Reentry Neural Systems Proposed for Safe, Self-Preserving AGI Architecture

Current neural networks, primarily feedforward architectures, are limited in their capacity for self-reference and intrinsic safety. This new research proposes a radical departure, outlining a comprehensive architectural design for Artificial General Intelligence (AGI) that centers on a closed reentry loop, termed the D-I cycle. This design aims to overcome the limitations of existing models by fostering self-awareness and inherent safety. Unlike feedforward networks, which are acyclic, the proposed architecture incorporates a structural cycle with self-sustaining amplification.

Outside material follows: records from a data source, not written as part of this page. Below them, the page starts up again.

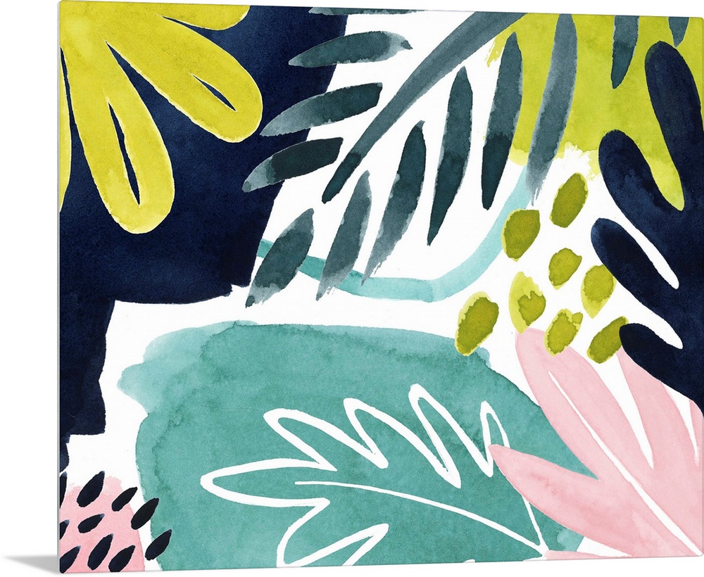 <p>Bright tropical abstract leaf patterns on a white background.</p>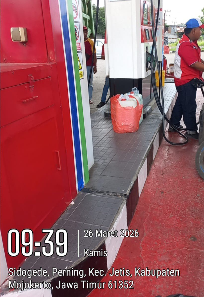 Sidikpolisi.News.id Mojokerto – Praktik penjualan bahan bakar minyak (BBM) jenis Pertamax menggunakan dua jurigen plastik di SPBU wilayah Perning menuai sorotan tajam kamis 26/03/2026.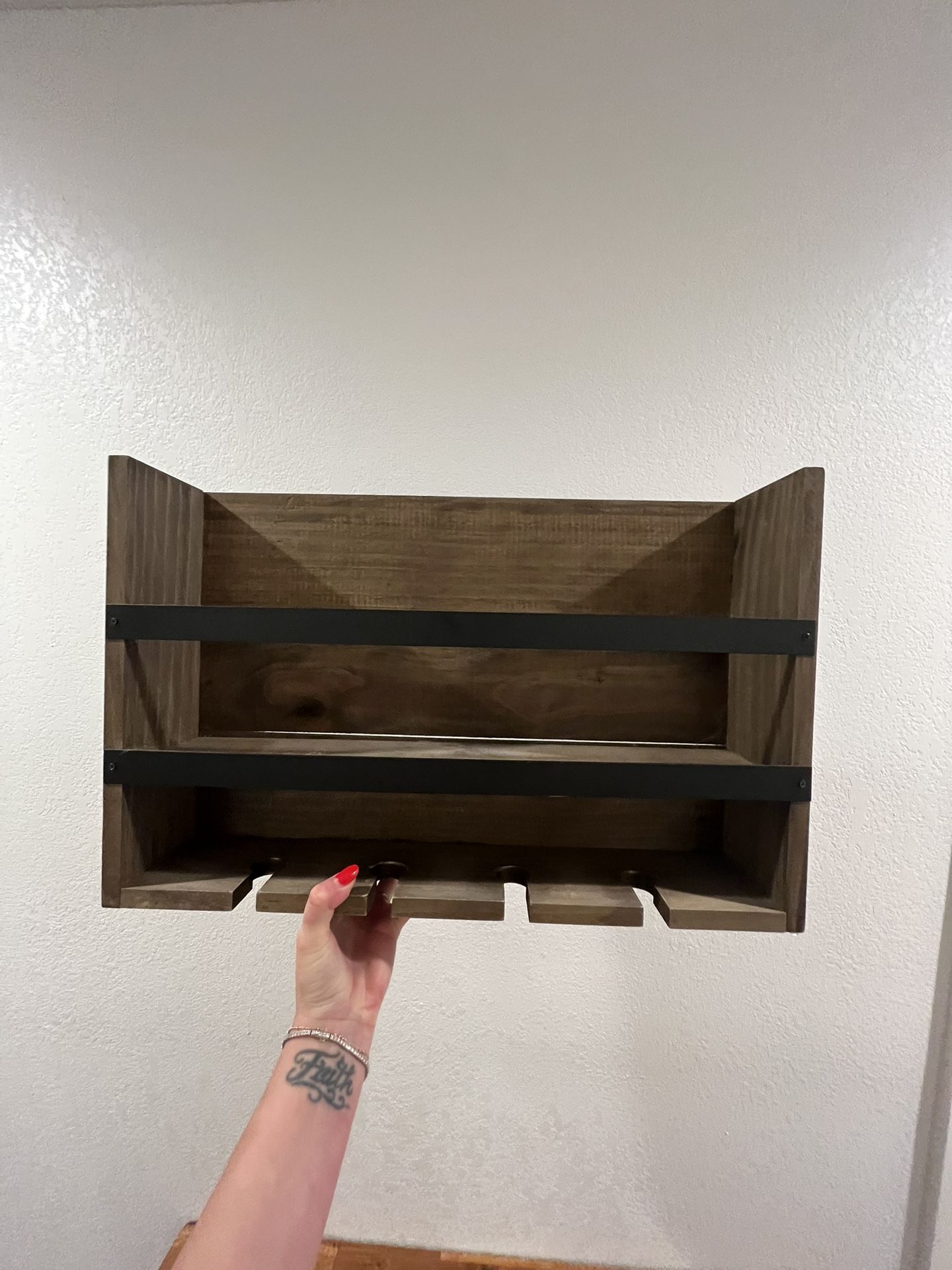 Wine rack holds up to 5 bottles and and 4 wine glasses. Brackets on the back allow for easy hanging.

This mathematical property is claimed to guarantee the emergence of a self-model, instrumental self-preservation, and the development of unprogrammed, goal-directed behaviors within the AGI. A key feature is that the agent's goals are encoded as a non-textual D-vector directly within the architecture, making them resistant to external manipulation like prompt injection. The paper also introduces the S-measure, a computationally efficient alternative to Tononi's Phi, with a machine-verified proof that S>0 indicates positive integrated information. It provides full Python/NumPy implementations, discusses industrial scaling via Kafka and Docker, categorizes AI evolution, and presents various future reentry architectures. The authors assert this architecture is deployable now, offering a topologically protected, safe-by-design approach to AGI, backed by eight falsifiable predictions and machine-verified formal proofs.